** Provided entries **
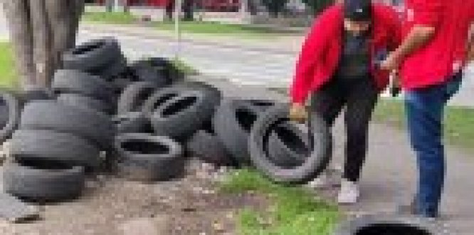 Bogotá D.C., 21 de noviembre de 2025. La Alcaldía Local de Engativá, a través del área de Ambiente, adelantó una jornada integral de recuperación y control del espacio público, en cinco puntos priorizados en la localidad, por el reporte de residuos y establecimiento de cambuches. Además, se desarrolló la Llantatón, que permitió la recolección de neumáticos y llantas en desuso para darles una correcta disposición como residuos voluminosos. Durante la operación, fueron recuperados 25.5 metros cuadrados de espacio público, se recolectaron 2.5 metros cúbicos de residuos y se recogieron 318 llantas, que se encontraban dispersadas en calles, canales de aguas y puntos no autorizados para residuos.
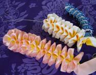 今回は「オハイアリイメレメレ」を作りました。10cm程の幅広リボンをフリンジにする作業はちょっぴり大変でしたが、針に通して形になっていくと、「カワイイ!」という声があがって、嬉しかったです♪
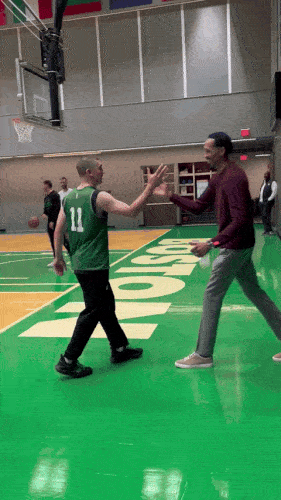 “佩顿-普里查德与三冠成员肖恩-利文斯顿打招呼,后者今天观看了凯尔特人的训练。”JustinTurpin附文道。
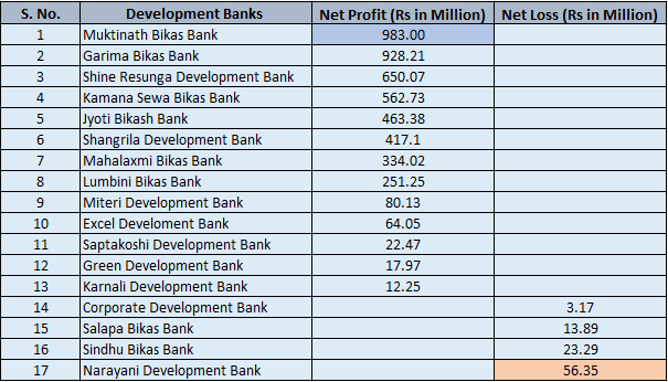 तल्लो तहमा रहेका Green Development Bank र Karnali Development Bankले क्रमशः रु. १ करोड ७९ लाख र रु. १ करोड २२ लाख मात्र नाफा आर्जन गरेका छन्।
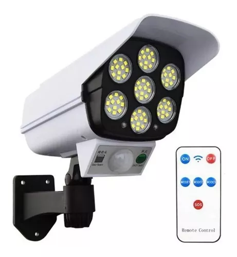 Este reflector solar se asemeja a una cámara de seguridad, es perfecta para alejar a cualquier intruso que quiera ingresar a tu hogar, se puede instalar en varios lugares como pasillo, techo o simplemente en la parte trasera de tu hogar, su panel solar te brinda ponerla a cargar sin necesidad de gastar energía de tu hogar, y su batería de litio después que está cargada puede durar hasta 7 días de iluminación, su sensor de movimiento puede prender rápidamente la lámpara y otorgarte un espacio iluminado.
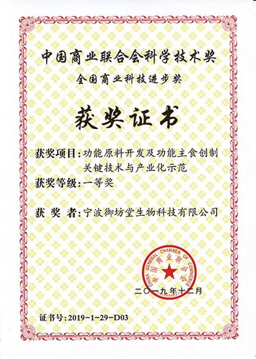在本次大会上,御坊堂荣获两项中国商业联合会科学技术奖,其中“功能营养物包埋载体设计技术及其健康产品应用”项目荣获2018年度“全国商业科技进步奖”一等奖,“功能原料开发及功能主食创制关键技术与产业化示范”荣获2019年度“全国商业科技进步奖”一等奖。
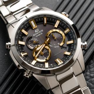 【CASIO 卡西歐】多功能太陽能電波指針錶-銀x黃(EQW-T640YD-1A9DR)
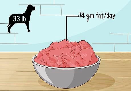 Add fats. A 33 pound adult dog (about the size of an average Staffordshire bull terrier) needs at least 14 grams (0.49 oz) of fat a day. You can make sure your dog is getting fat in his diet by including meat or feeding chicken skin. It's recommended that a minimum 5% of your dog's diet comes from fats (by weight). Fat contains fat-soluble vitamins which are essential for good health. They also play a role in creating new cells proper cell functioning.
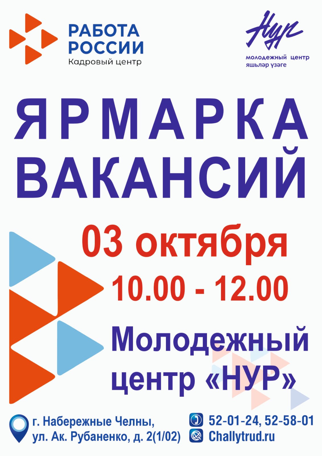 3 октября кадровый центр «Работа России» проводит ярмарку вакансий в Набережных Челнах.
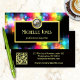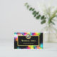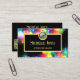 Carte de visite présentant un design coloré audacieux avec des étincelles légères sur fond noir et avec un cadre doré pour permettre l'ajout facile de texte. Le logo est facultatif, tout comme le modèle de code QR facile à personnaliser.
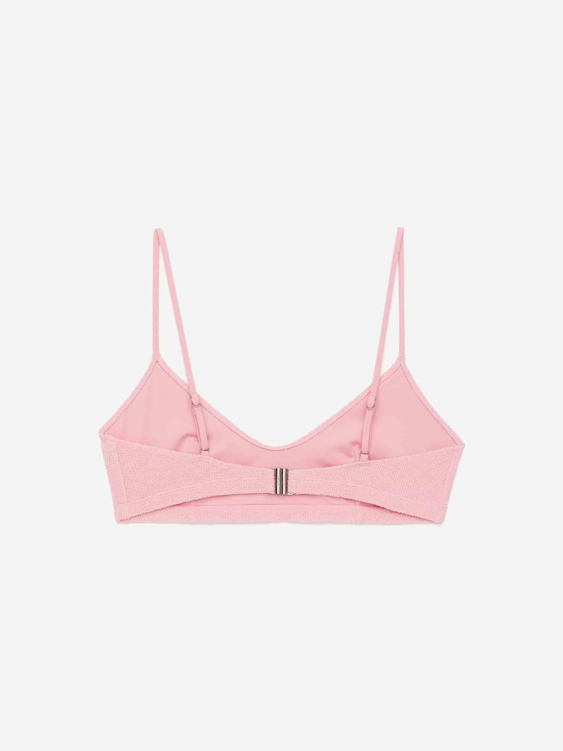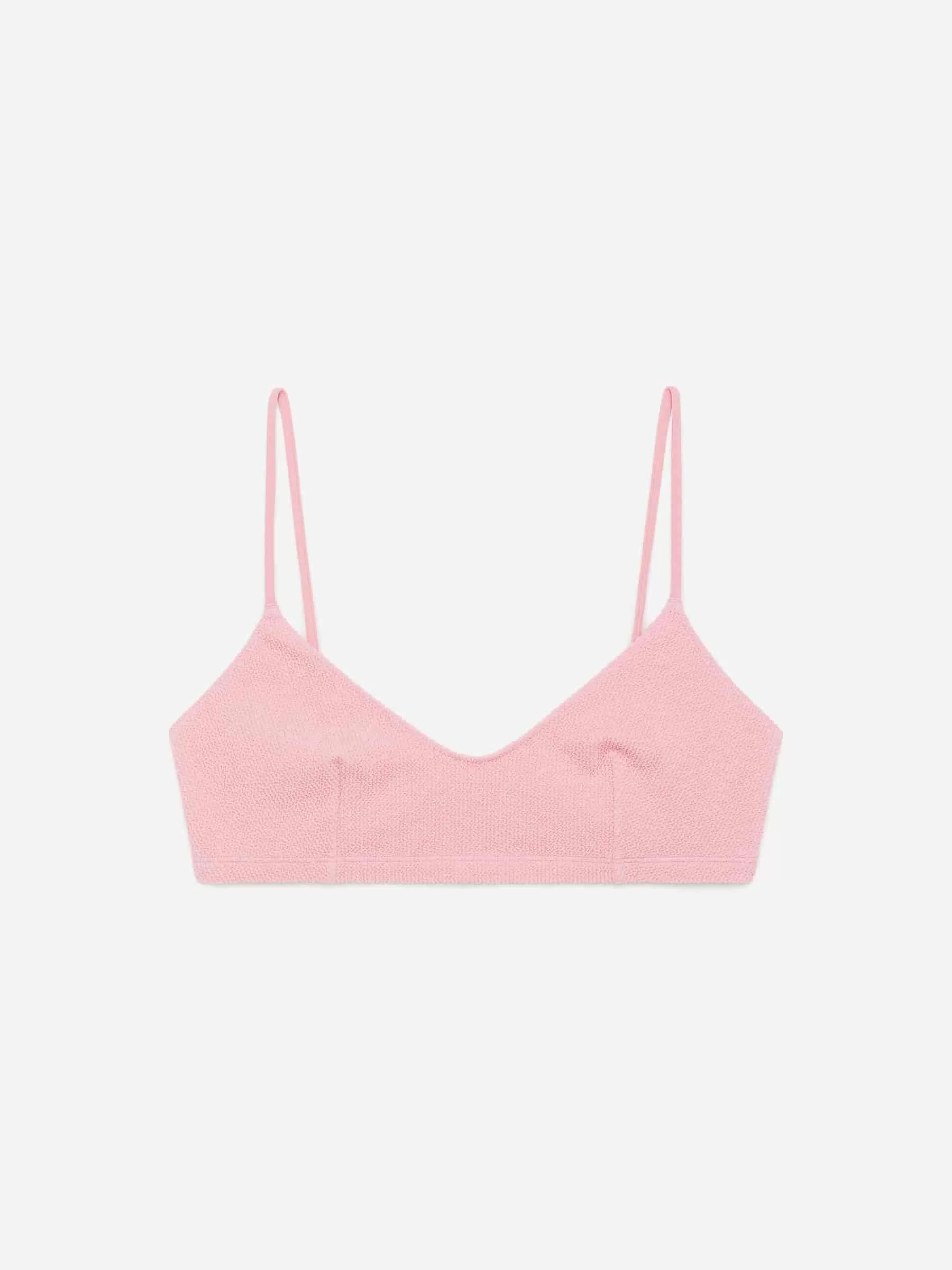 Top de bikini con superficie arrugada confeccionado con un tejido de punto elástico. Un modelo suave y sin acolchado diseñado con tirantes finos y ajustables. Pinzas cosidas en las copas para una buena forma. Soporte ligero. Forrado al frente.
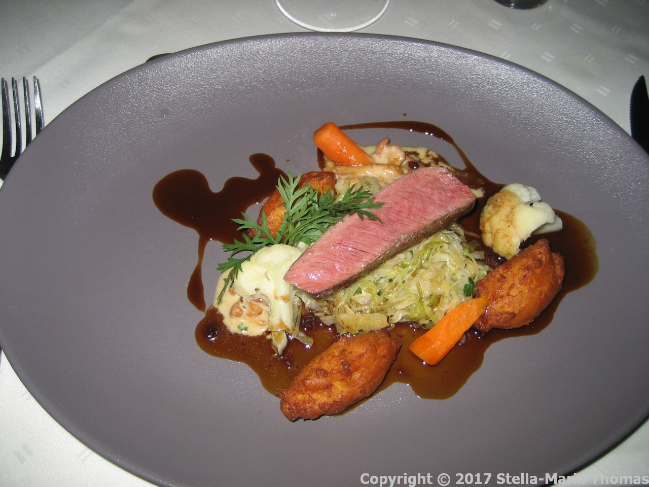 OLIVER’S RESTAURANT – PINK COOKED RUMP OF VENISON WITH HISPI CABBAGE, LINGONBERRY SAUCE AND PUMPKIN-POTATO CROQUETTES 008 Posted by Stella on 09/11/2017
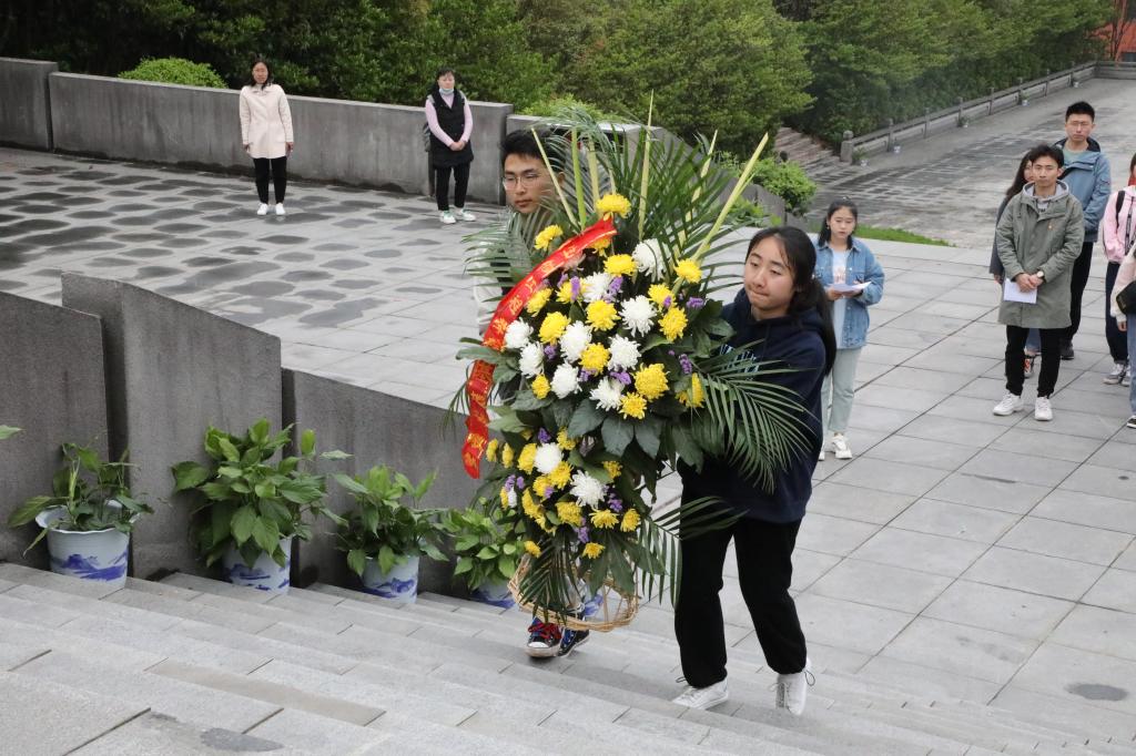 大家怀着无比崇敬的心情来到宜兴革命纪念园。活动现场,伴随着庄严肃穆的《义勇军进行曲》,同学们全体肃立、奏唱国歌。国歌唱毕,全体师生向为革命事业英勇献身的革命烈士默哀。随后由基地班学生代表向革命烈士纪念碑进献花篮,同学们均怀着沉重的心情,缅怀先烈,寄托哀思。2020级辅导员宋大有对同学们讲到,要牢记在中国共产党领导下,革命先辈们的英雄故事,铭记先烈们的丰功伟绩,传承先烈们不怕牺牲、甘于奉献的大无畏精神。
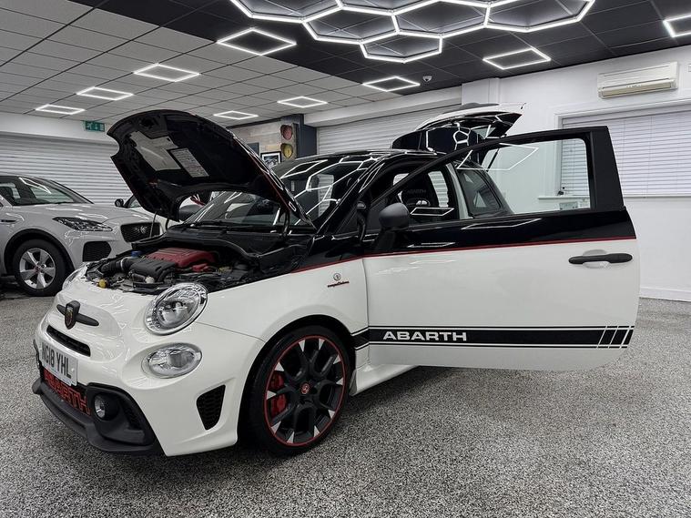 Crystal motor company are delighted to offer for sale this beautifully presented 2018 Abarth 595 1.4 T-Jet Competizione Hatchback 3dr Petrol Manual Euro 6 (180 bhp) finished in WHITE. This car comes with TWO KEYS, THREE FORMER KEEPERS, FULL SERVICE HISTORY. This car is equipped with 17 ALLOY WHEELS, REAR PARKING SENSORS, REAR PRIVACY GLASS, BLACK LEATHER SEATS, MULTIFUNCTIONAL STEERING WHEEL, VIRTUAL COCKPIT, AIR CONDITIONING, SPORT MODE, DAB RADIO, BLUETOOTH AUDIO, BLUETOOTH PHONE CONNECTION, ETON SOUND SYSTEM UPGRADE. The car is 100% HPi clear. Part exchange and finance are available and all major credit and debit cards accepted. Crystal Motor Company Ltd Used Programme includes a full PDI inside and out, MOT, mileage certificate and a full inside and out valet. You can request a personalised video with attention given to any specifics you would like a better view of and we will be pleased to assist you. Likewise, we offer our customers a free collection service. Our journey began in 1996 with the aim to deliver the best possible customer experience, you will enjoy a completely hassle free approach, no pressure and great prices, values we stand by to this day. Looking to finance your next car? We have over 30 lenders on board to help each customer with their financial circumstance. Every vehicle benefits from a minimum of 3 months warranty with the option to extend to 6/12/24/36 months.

** About this exercise **
Your job is to transcribe the entries above exactly; skip the pictures.

** Final answer **
 Bogotá D.C., 21 de noviembre de 2025. La Alcaldía Local de Engativá, a través del área de Ambiente, adelantó una jornada integral de recuperación y control del espacio público, en cinco puntos priorizados en la localidad, por el reporte de residuos y establecimiento de cambuches. Además, se desarrolló la Llantatón, que permitió la recolección de neumáticos y llantas en desuso para darles una correcta disposición como residuos voluminosos. Durante la operación, fueron recuperados 25.5 metros cuadrados de espacio público, se recolectaron 2.5 metros cúbicos de residuos y se recogieron 318 llantas, que se encontraban dispersadas en calles, canales de aguas y puntos no autorizados para residuos.
 今回は「オハイアリイメレメレ」を作りました。10cm程の幅広リボンをフリンジにする作業はちょっぴり大変でしたが、針に通して形になっていくと、「カワイイ!」という声があがって、嬉しかったです♪
 “佩顿-普里查德与三冠成员肖恩-利文斯顿打招呼,后者今天观看了凯尔特人的训练。”JustinTurpin附文道。
 तल्लो तहमा रहेका Green Development Bank र Karnali Development Bankले क्रमशः रु. १ करोड ७९ लाख र रु. १ करोड २२ लाख मात्र नाफा आर्जन गरेका छन्।
 Este reflector solar se asemeja a una cámara de seguridad, es perfecta para alejar a cualquier intruso que quiera ingresar a tu hogar, se puede instalar en varios lugares como pasillo, techo o simplemente en la parte trasera de tu hogar, su panel solar te brinda ponerla a cargar sin necesidad de gastar energía de tu hogar, y su batería de litio después que está cargada puede durar hasta 7 días de iluminación, su sensor de movimiento puede prender rápidamente la lámpara y otorgarte un espacio iluminado.
在本次大会上,御坊堂荣获两项中国商业联合会科学技术奖,其中“功能营养物包埋载体设计技术及其健康产品应用”项目荣获2018年度“全国商业科技进步奖”一等奖,“功能原料开发及功能主食创制关键技术与产业化示范”荣获2019年度“全国商业科技进步奖”一等奖。
 【CASIO 卡西歐】多功能太陽能電波指針錶-銀x黃(EQW-T640YD-1A9DR)
 Add fats. A 33 pound adult dog (about the size of an average Staffordshire bull terrier) needs at least 14 grams (0.49 oz) of fat a day. You can make sure your dog is getting fat in his diet by including meat or feeding chicken skin. It's recommended that a minimum 5% of your dog's diet comes from fats (by weight). Fat contains fat-soluble vitamins which are essential for good health. They also play a role in creating new cells proper cell functioning.
 3 октября кадровый центр «Работа России» проводит ярмарку вакансий в Набережных Челнах.
 Carte de visite présentant un design coloré audacieux avec des étincelles légères sur fond noir et avec un cadre doré pour permettre l'ajout facile de texte. Le logo est facultatif, tout comme le modèle de code QR facile à personnaliser.
 Top de bikini con superficie arrugada confeccionado con un tejido de punto elástico. Un modelo suave y sin acolchado diseñado con tirantes finos y ajustables. Pinzas cosidas en las copas para una buena forma. Soporte ligero. Forrado al frente.
 OLIVER’S RESTAURANT – PINK COOKED RUMP OF VENISON WITH HISPI CABBAGE, LINGONBERRY SAUCE AND PUMPKIN-POTATO CROQUETTES 008 Posted by Stella on 09/11/2017
 大家怀着无比崇敬的心情来到宜兴革命纪念园。活动现场,伴随着庄严肃穆的《义勇军进行曲》,同学们全体肃立、奏唱国歌。国歌唱毕,全体师生向为革命事业英勇献身的革命烈士默哀。随后由基地班学生代表向革命烈士纪念碑进献花篮,同学们均怀着沉重的心情,缅怀先烈,寄托哀思。2020级辅导员宋大有对同学们讲到,要牢记在中国共产党领导下,革命先辈们的英雄故事,铭记先烈们的丰功伟绩,传承先烈们不怕牺牲、甘于奉献的大无畏精神。
 Crystal motor company are delighted to offer for sale this beautifully presented 2018 Abarth 595 1.4 T-Jet Competizione Hatchback 3dr Petrol Manual Euro 6 (180 bhp) finished in WHITE. This car comes with TWO KEYS, THREE FORMER KEEPERS, FULL SERVICE HISTORY. This car is equipped with 17 ALLOY WHEELS, REAR PARKING SENSORS, REAR PRIVACY GLASS, BLACK LEATHER SEATS, MULTIFUNCTIONAL STEERING WHEEL, VIRTUAL COCKPIT, AIR CONDITIONING, SPORT MODE, DAB RADIO, BLUETOOTH AUDIO, BLUETOOTH PHONE CONNECTION, ETON SOUND SYSTEM UPGRADE. The car is 100% HPi clear. Part exchange and finance are available and all major credit and debit cards accepted. Crystal Motor Company Ltd Used Programme includes a full PDI inside and out, MOT, mileage certificate and a full inside and out valet. You can request a personalised video with attention given to any specifics you would like a better view of and we will be pleased to assist you. Likewise, we offer our customers a free collection service. Our journey began in 1996 with the aim to deliver the best possible customer experience, you will enjoy a completely hassle free approach, no pressure and great prices, values we stand by to this day. Looking to finance your next car? We have over 30 lenders on board to help each customer with their financial circumstance. Every vehicle benefits from a minimum of 3 months warranty with the option to extend to 6/12/24/36 months.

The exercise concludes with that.